§ **Problem description**: Output all entries verbatim. Skip pictures.

§ **Entries supplied**:
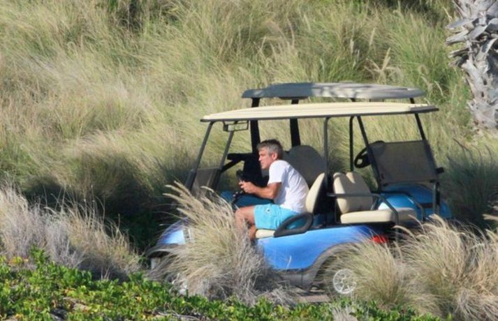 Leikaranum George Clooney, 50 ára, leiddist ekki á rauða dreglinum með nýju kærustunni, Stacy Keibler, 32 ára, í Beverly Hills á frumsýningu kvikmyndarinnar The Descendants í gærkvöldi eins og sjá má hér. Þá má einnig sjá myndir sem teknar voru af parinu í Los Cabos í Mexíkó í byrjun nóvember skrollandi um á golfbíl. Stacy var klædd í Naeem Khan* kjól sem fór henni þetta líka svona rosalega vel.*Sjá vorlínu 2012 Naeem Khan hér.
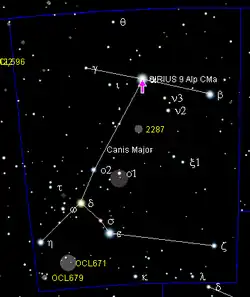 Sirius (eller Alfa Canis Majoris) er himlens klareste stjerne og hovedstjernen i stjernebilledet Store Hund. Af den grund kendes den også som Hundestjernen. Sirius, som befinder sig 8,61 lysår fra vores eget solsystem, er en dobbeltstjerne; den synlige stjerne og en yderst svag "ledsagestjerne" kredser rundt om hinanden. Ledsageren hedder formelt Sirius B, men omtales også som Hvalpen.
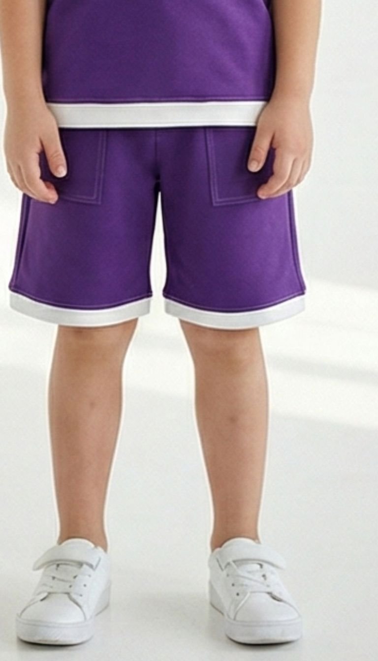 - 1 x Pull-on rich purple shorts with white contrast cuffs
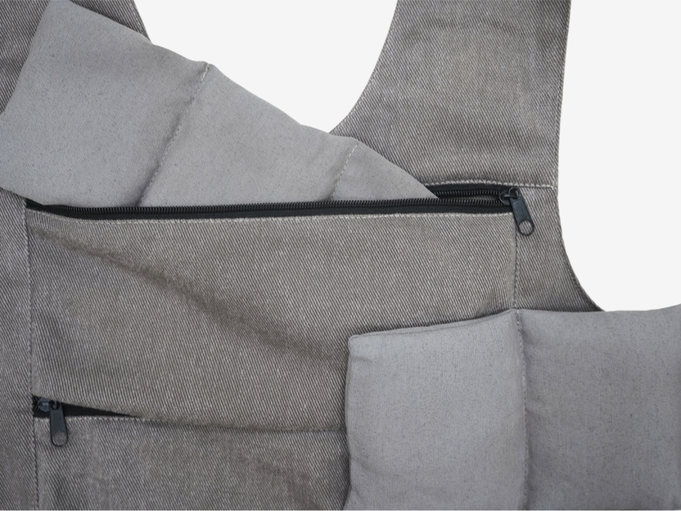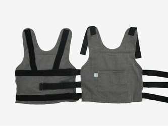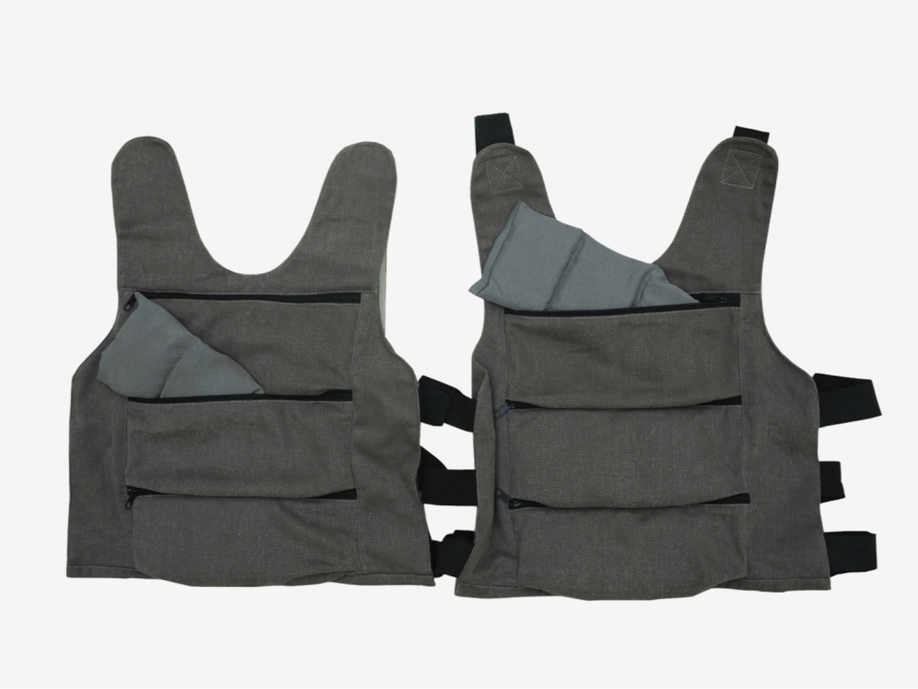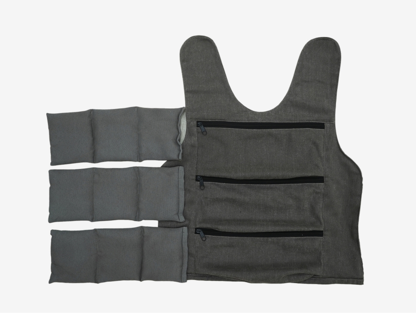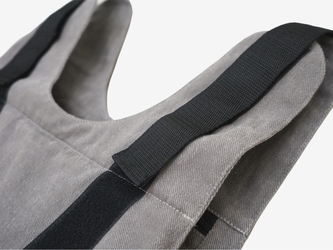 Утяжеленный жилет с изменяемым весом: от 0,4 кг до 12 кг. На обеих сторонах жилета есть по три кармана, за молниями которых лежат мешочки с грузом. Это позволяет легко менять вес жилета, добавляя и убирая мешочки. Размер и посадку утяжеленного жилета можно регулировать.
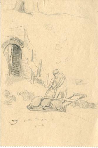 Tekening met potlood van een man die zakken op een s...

§ **Output of the exercise**:
 Leikaranum George Clooney, 50 ára, leiddist ekki á rauða dreglinum með nýju kærustunni, Stacy Keibler, 32 ára, í Beverly Hills á frumsýningu kvikmyndarinnar The Descendants í gærkvöldi eins og sjá má hér. Þá má einnig sjá myndir sem teknar voru af parinu í Los Cabos í Mexíkó í byrjun nóvember skrollandi um á golfbíl. Stacy var klædd í Naeem Khan* kjól sem fór henni þetta líka svona rosalega vel.*Sjá vorlínu 2012 Naeem Khan hér.
 Sirius (eller Alfa Canis Majoris) er himlens klareste stjerne og hovedstjernen i stjernebilledet Store Hund. Af den grund kendes den også som Hundestjernen. Sirius, som befinder sig 8,61 lysår fra vores eget solsystem, er en dobbeltstjerne; den synlige stjerne og en yderst svag "ledsagestjerne" kredser rundt om hinanden. Ledsageren hedder formelt Sirius B, men omtales også som Hvalpen.
 - 1 x Pull-on rich purple shorts with white contrast cuffs
 Утяжеленный жилет с изменяемым весом: от 0,4 кг до 12 кг. На обеих сторонах жилета есть по три кармана, за молниями которых лежат мешочки с грузом. Это позволяет легко менять вес жилета, добавляя и убирая мешочки. Размер и посадку утяжеленного жилета можно регулировать.
 Tekening met potlood van een man die zakken op een s...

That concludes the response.